Amounts of money demanded by ransomware attackers have skyrocketed. CNA Financial Corp., one of the U.S.’s largest insurance companies, reportedly paid $40 million in March to regain control of its network after a ransomware attack. According to a report this year by Palo Alto Networks, the average ransom paid by organizations in the U.S., Canada and Europe increased from $115,123 in 2019 to $312,493 in 2020 — a 171% spike.
Addressing the absence of countries such as Russia, China, North Korea and Iran in the U.S-led conference, Housen-Couriel said, “Clearly, without the participation of states whose citizens are actively using ransomware — and we know we’ve identified them as attackers — without their participation, in all the levels this initiative is committed to engage with, only limited progress can be made. So a lot more countries need to be involved and that is one of the stated aims of the initiative.”
But Ashkenazi said the recent conference was more focused on like-minded countries. “Given the type of cooperation that was discussed, I’m not sure this would have been the right format to share ideas and thoughts in such a broad manner — there are other forums for this,” he said, alluding to the United Nations, which he said has several channels open on cyber-related issues.
There are some basic differences, he noted, in the way other countries approach the role of the internet, and the focus of cybersecurity.
“Like-minded countries see cyberspace as an important space for human rights and defense of freedom of speech and rule of law regarding the relationship of the government with the people.
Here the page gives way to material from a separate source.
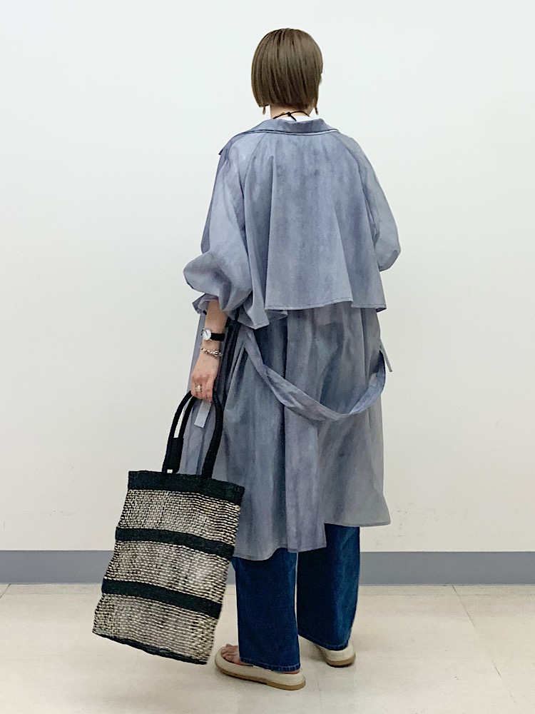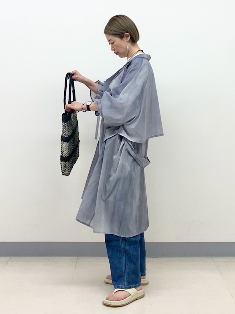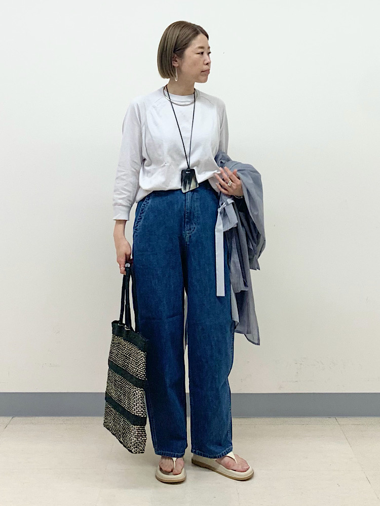 ブルーグレーのトーンでまとめたクールなスタイリング。ゾウリサンダルで足元に抜け感をプラス。

Some countries see cyberspace as another place of governance in which they apply their government values and systems,” Ashkenazi said.
That isn’t to say that there isn’t bilateral cooperation between Israel, the U.S. and others with those countries. In a White House press call ahead of the virtual conference, for instance, a senior administration official said, in response to questions about Russia’s nonparticipation that “the U.S.-Kremlin Experts Group, which is led by the White House, was established by President Biden and President Putin, so the U.S. engages directly with Russia on this — on the issue of ransomware.”
Israel, Ashkenazi said, has some 90 bilateral agreements with organizations and missions similar to the INCD. He hopes, however, that this turn towards greater multilateralism will speed up the pace of information sharing and dealing with cyberattacks.